* SOURCE DATA
=======

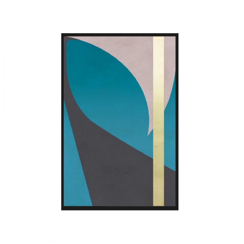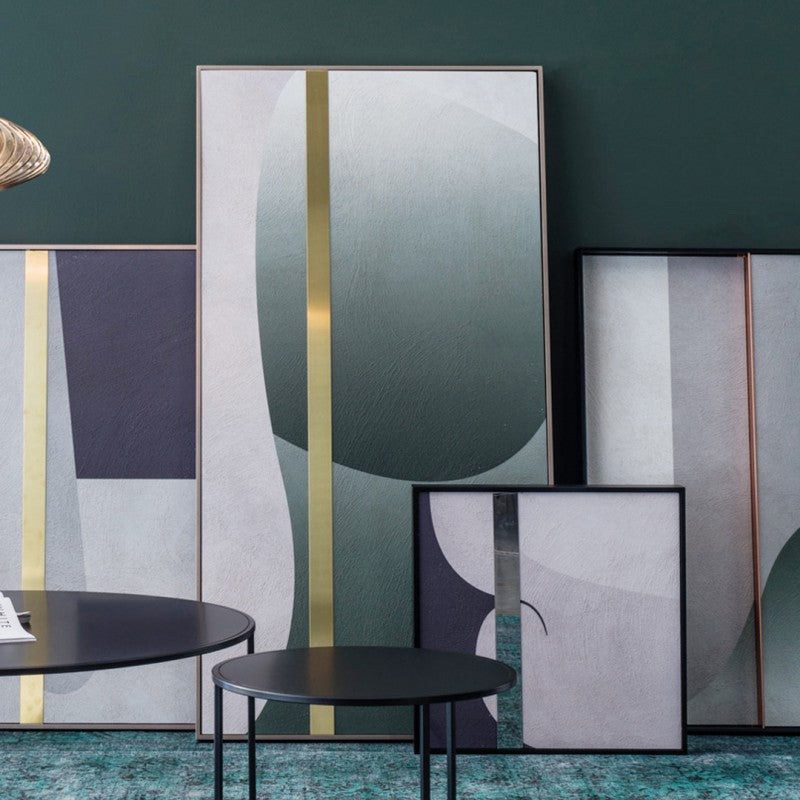 Tablou texturat cu finisaj de ciment și bandă decorativă de 4 cm lățime din oțel inoxidabil sau alamă. Cadru grosime de 6 cm cu finisaj lacuit negru mat pentru profilul din otel inoxidabil si negru auriu pentru profilul din alama.
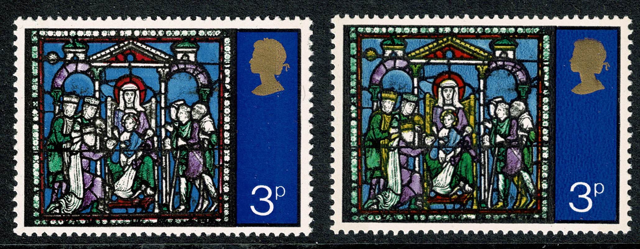 Unmounted mint single with error MISSING LEMON (various elements of stained glass from figures at left and throne of central figure, legs of figures at right). Illustrated and supplied with normal single at right.
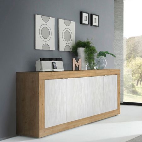 Buffet 4 portes aspect bois finition Cadiz façades blanc texturées - OTELLO.
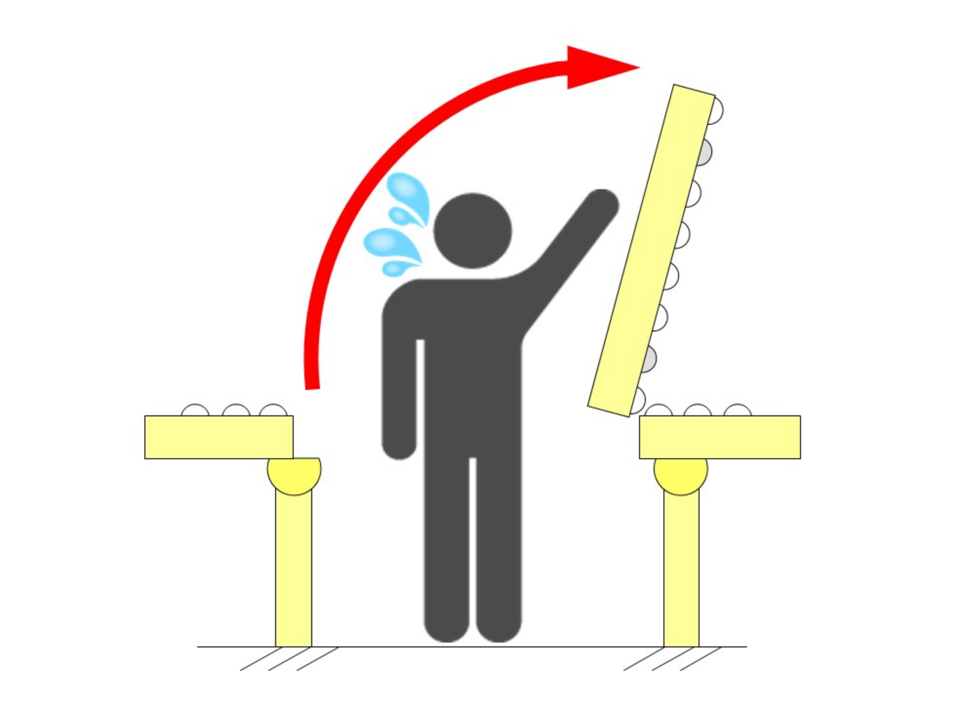 従来の跳ね上げコンベヤと比べ、負担を軽減しながら横断動線を確保。さらに、独自のLSL制御技術により、リミットセンサーを使わずスムーズなスライド開閉を実現します。

=======

* WORK TASK
Copy, exactly and exclusively, the lines beginning with the one that contains "Buffet 4 portes" and ending with the last line of the listing; pictures are to be omitted.

* RESPONSE AREA
 Buffet 4 portes aspect bois finition Cadiz façades blanc texturées - OTELLO.
 従来の跳ね上げコンベヤと比べ、負担を軽減しながら横断動線を確保。さらに、独自のLSL制御技術により、リミットセンサーを使わずスムーズなスライド開閉を実現します。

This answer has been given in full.